Looking for Fresh Tracks in the Falling Snow

In the days leading up to this northern adventure I got things situated at work for me to be gone and finished picking up appropriate gear as the weather forecast called for temperatures to be below 0 degrees F most of the week. Finally I got all my stuff packed and ready to go still a little uncertain of how the week would go with these kids. Monday morning came and it was time to head up. I was joined by another parent who would be sharing this adventure and off we went on our 4 hour journey to Wolf Ridge. We arrived a little before the kids got there on their buses giving time to settle in before the chaos started.

The Students Arriving

The kids all arrived, unloaded their luggage and went to their assigned rooms to put it away before heading to their first class of the week. Unfortunately the snow depth was on the light side meaning cross country skiing would not work and snowshoeing was questionable. Who would have guessed a thin snow base in Northern Minnesota in January? We began to figure out the routine for the week and let the learning begin. Each group consisted of 12 –15 students most of the time with 2 – 3 adults assisting them which made the week very manageable and a lot of fun. You get to know this group and these kids become almost like your own in a short period of time.

Learning About Renewable Energy

There were so many activities planned that each day felt like a week because of how busy it was. the fact that it was pretty cold became less of a concern because of the fun and education taking place. We all just knew we had to dress correctly for the conditions and we’d be fine. It helped remind me that subzero temperatures are not a good reason to forego outdoor adventures and that I am able to stay comfortable in these types of environments. Continually checking the forecast and outside temperatures became useless for me because it didn’t matter. I would go where I was asked to and do what was needed to help facilitate as much learning for these kids as possible.

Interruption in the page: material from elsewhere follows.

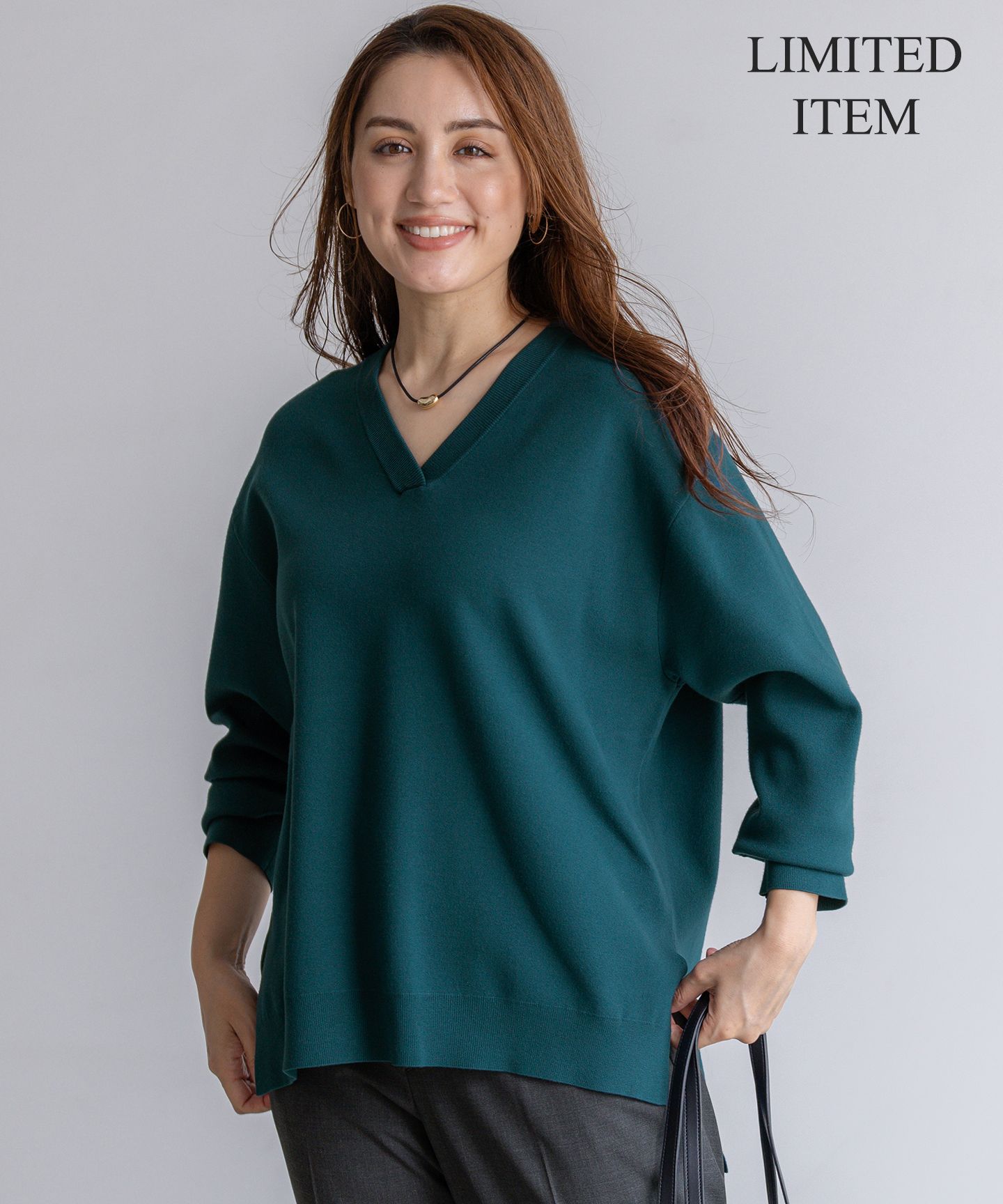 2025 Autumn & Winter【大きいサイズ限定】ほど良いゆったり感が体型カバーも叶える!着回し力抜群ニット■デザインスムース編みを使用したVネックのプルオーバーニットです。単品でのご着用はもちろん、同素材のパンツと合わせたセットアップスタイルもおすすめです。 ややオフボディのシルエットは、体型を拾いにくく、リラックス感のある着心地を叶えます。前後差のあるヘムラインと両脇に入ったスリットがデザインのポイントで、インナーにラウンドヘムのシャツやカットソーをレイヤードしたスタイルもきれいにまとまります。カラーは、洗練された印象のグレー(#004)と印象引き締まるブラック(#005)の2色展開です。■素材ストレッチ糸を芯に、ソフトでコシのある極細のビスコース糸を巻き付けた、快適な着心地のコンフォート素材を使用しています。非常に軽量でありながら、編み目がきれいに締まっており、上品な目面が特徴です。オーストリアのサステナビリティ企業LENZING社のビスコースを採用しており、環境に配慮した素材です。滑らかな風合いと優れた伸縮性により、シーズンレスで快適にご着用いただけます。▼同シリーズ【Lサイズ限定】ヴィスコースストレッチ ニット パーカー (品番:KRWWGW6844)※画像はサンプルを使用している為、実際にお届けする商品と仕様が異なる場合がございます。

Learning to Work Together Regardless of the Temperature

The coldest day during the week, I had heard, was –26 degrees F with a brisk wind creating a wind chill of –43 degrees F. Yes, we still ventured outdoors on that day but not as long as other days. For those unable to imagine such conditions let me provide an example. After a meal in the dining hall I would grab a hot cup of tea to drink back at the dorm we were staying in. On the short 4 – 5 minute walk back I would almost be drinking iced tea in my room. That’s a slight exaggeration but not much. Another example was using my mobile phone to take a few pictures. I could only take a few because as the phone became colder it actually froze up and would not work again for almost an hour until it warmed back up.

Ropes Course at Wolf Ridge

While there were several different classes with a lot of learning going on surrounded by this beautiful landscape, the most talked about classes were the ropes course and climbing wall. These were the most challenging to complete and required students to push through their fears and often be surprised by their abilities. It was such a privilege to be able to witness these kids figure out what they could really do and complete either the ropes course or rock wall or both. A new experience for many. I was certain I could complete the ropes course but I’ve never taken the time to climb a rock wall so this was my first time doing it. Yes, I did make it to the top twice.

Preparing to Climb the Rock Wall

As the week began to wind down towards the end a little sadness entered that we’d be leaving. Several adults that have gone before me and encouraged me to take this opportunity all said I’d have a great time and they were right. It was so much fun spending time with these great kids and seeing what they could achieve along with meeting a bunch a great chaperones and having fun getting to know many of them. We’ve all gone back our separate ways but the memories will continue to be with me.